Applications of displacement in different fields of physics:
Concept of the displacement is used widely in many different fields because it is the fundamental concept that is used in the motion of objects so that's why they are widely used mostly in the different fields of physics. some important applications of displacement in the field of physics are given there:
Sports
Engineering
Medicine
Navigation
Sports:
In the field of sports, displacement helps to analyze the performances and athlete's strategies because displacements help to increase the strength and ability of the athletes to cross the hurdles efficiently.
Engineering:
In the field of engineering, displacement concepts are the fundamental concept because when engineers design new vehicles and machine structures then they use displacement to analyze them. Displacement helps to analyze the function of the machines with specific parameters because when machines or vehicle start their motion they produce displacement so that's why firstly displacement can be analyzed.
Medicine:
In the field of medical sciences doctors and medical professionals study the motion of the different body parts of humans and animals through displacement. In biomechanics or the field of physical therapy, it is important to know about the motion of all body parts so displacement helps them to analyze or understand all motions of body parts efficiently.
Navigation:
In the field of navigation, the pilots locate their locations and sed the location to other because they analyze their location through their displacement. The sailors also locate their location with the help of the displacement vectors so that's why displacement vectors are essential and play a fundamental role in the field of navigation.
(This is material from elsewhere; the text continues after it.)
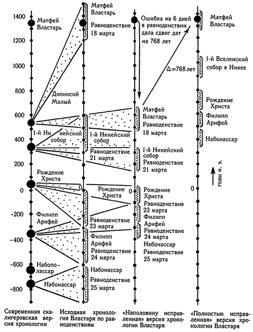 Отметим, что «полностью исправленная» хронология равноденствий Матфея Властаря помещает самое древнее событие – правление Набонассара (Навунасара) в IV–V века н. э. (!), а для даты Первого Вселенского собора отводит промежуток, согласующийся с полученной нами выше независимой датировкой: конец IX века н. э. Но даже и эту «полностью исправленную» хронологию Властаря нельзя считать близкой к истине без дополнительного тщательного исследования. Тем более нельзя этого говорить о его «неисправленной» и «полуисправленной» версии, положенных в основу дожившей до наших дней хронологической версии-традиции Скалигера – Петавиуса.
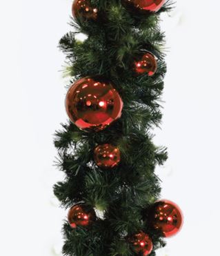 Granguirlande med røde kugler. 700 cm / 87 kugler

Displacements in the different coordinate systems:
The complex vectors lie in different coordinate systems so the displacements can be analyzed in a cartesian system by following the vectors rule. Mostly the displacement can be analyzed in the special coordinate system, cartesian coordinate system, and mostly in the polar coordinate system. Some unique and specific types of problems according to vectors can be resolved through them. The details are given:
Spherical coordinate system
Cartesian coordinate system
Polar coordinate system
Conclusion:
In the field of physics, displacement is the fundamental concept to understand efficiently the motion of the object and their description of the change in position of the moving object. The theoretical problems or different problems that can occur in the motion of the object can be solved efficiently after understanding the displacement crucially. The concept of displacement is the key or the basic concept to understanding displaced object movements in one dimension, navigation, medicine, engineering, or in numerous fields. After reading the whole article the reader can understand or use the displacement concept efficiently in numerous activities to understand the motion of the object.